十二年をかけて学び、ようやく帰ってきた人物が、その年のうちに死ぬ。あまりにも唐突です。
この死について、奇妙な記述が残っています。
『藤氏家伝(とうしかでん)』は、藤原仲麻呂が八世紀の半ばに編んだ、藤原氏自身による家の伝記です。そこに、定恵は百済の人に妬まれ、毒を盛られて死んだ、という趣旨のことが書かれています。
身内が残した記録に、殺されたと書いてある。しかも相手は百済人だとまで書いてある。にもかかわらず、『日本書紀』はこの件に触れていません。
定恵が帰国した665年は、日本にとって難しい時期でした。
その二年前、663年に白村江の戦いがあります。百済を助けるために送った軍が、唐と新羅の連合軍に大敗しました。百済は滅び、多くの亡命者が日本へ渡ってきます。
彼らは技術も学識も持っており、朝廷に受け入れられました。一方で、唐で十二年を過ごし、唐の学問を身につけて帰ってきた鎌足の長男がいる。百済からすれば、自分たちの国を滅ぼした唐に学んだ人物です。
対立の芽がなかったとは言えません。ただし、これはあくまで『家伝』が書いていることであり、裏づけになる別の記録はありません。
別の見方もあります。
定恵が僧であったことです。鎌足には次男・不比等(ふひと)がおり、659年に生まれています。定恵が死んだとき、不比等は七歳でした。
もし定恵が生きて還俗していれば、藤原氏を継いだのは長男だったかもしれません。実際には不比等が家を継ぎ、その子孫が奈良・平安の朝廷を占めていきます。仲麻呂は不比等の孫です。
つまり『家伝』を書いた仲麻呂にとって、定恵は自分の家系の外にいる人物でした。その死を外部の者による毒殺として書くことは、家の歴史をきれいに整えることでもあります。
毒殺が事実だったのか、後から与えられた説明なのか。決め手はありません。
定恵をめぐっては、もうひとつ古い説があります。実は孝徳天皇の子で、鎌足が引き取って育てた、というものです。

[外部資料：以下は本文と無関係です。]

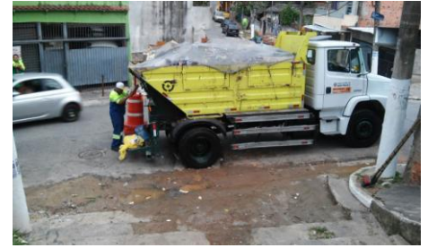
Limpeza no escadão da Rua Fidela Campina
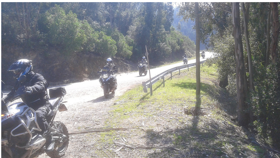
Första dagen bestod av fin asfaltåka.
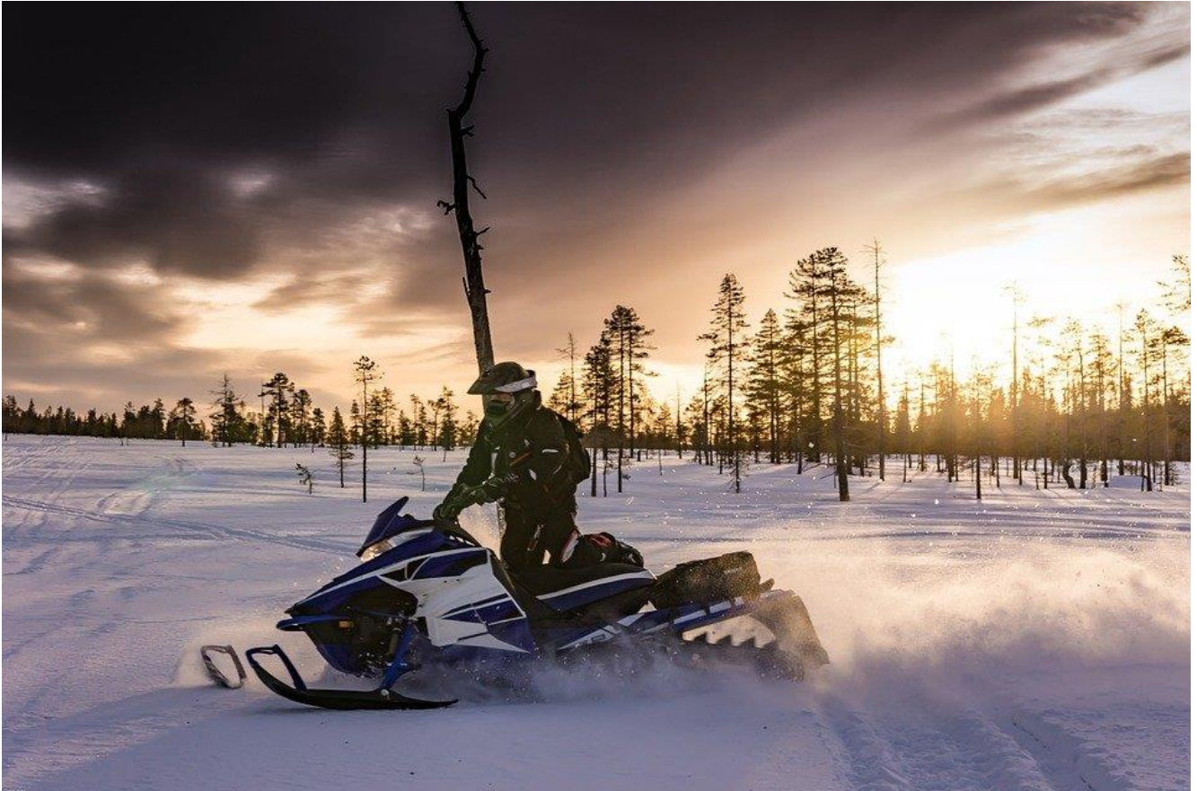
Figur 1: Snøskuterkjøring.

En renummerering av løypetallene er inkludert i nye løyper, slik som løype 16. Her er løype 16 den største endringen i nye løyper, der de andre er mindre og kan regnes som sideløyper og avstikkere med egne løypetall. De fleste av disse sideløypene er eksisterende løyper, med unntak av løype 17 og 18. En annen endring er at tidligere løype 6 gjennom Langdalen er stengt på grunn av rasfare. Løype 5 kan brukes istedenfor Langdalen der dette er mulig og været tillater dette.
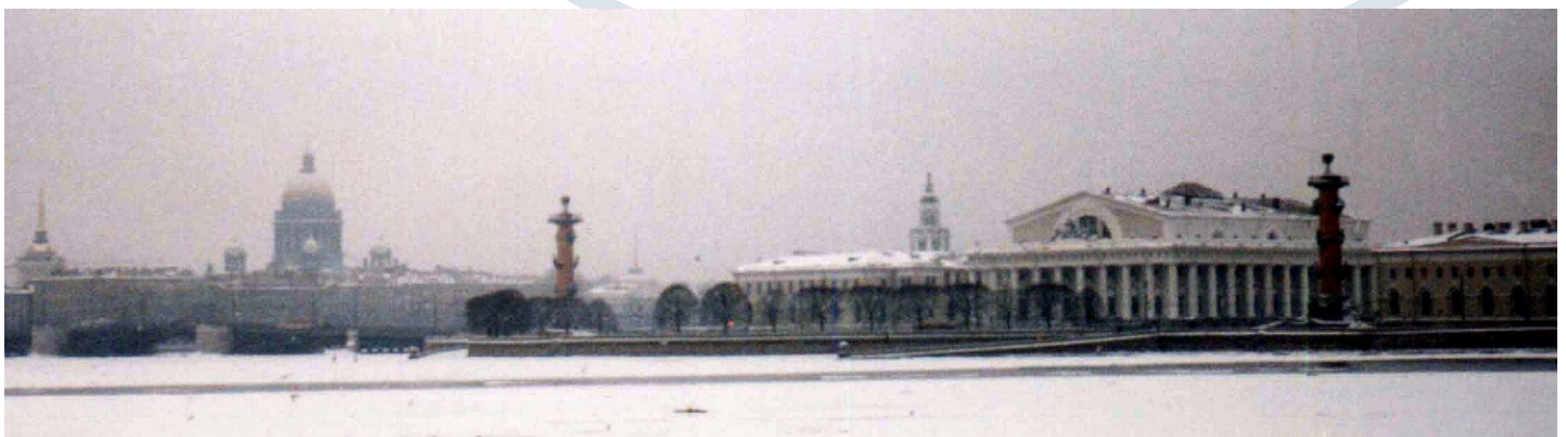
Función administrativa: San Petersburgo (Rusia), ciudad fundada por Pedro I el Grande, ofrece una vista de palacios y edificios burocráticos.

Algunas de las funciones más significativas de la ciudad son la residencial, la industrial, la administrativa, la comercial y otras funciones, como religiosa, cultural, educativa, etcétera.
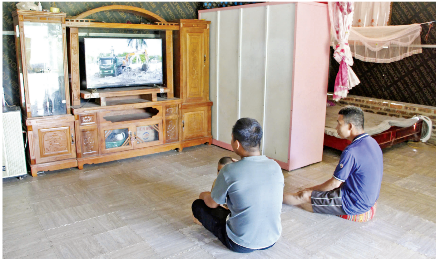
Đời sống vật chất và tinh thần của bà con dân tộc thiểu số ở Sơn La thay đổi rõ rệt
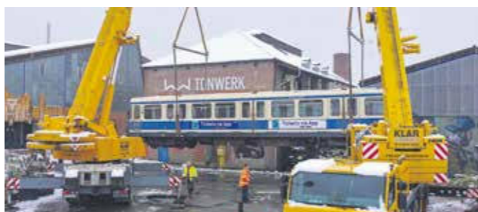
Geburts- oder Firmenfeiern werden künftig in der jüngst angelieferten U-Bahn möglich sein. Am Veranstaltungskonzept wird noch gearbeitet.

Freitags und samstags sowie vor Feiertagen lädt die Diskothek Heizwerk ab 23 Uhr zum Tanzen ein. Wer möchte, kann vorher in der Bricks Bar ab 19 Uhr vorbeischaun. Oder man zapft sich sein eigenes Bier in Pajo's Zapfbar (Donnerstag bis Samstag ab 19 Uhr). In der alten Schlosserei finden Hochzeiten, Firmenfeiern, Flohmärkte und andere Veranstaltungen statt. Im Escape Room können die

多武峰に伝わる記録に見えるもので、確かめようがありません。ただ、十一歳で国費の留学に送り出されるという扱いの重さを説明しようとすると、こうした話が生まれる余地は残ります。
談山神社の十三重塔は、定恵が建てたと伝えられています。唐から帰ったのち、父・鎌足の墓を摂津から多武峰へ移し、その上に塔を建てた――という由緒です。
ところが年が合いません。鎌足が没したのは669年で、定恵の死の四年後です。先に死んだ者が、後から死んだ父の墓を移すことはできません。
由緒が伝える改葬の年は678年です。この年、定恵はすでに十三年前に世を去っています。
それでも、この話は長く語られてきました。十二年を唐で過ごし、帰ってすぐ死んだ長男が、父の墓の上に塔を建てる。事実としては成り立たない話が、寺の由緒として残り続けた。そこには、早く死んだ者に何かを果たさせたいという気持ちが働いているようにも思えます。
定恵ゆかりの場所として訪ねられるのは、明日香村の東にある談山神社です。十三重塔がいまも立っています。
同じ船で唐へ渡った道昭は、帰国後に飛鳥寺の東南に禅院を建てて住みました。二人が乗った船は同じでしたが、その後は大きく分かれています。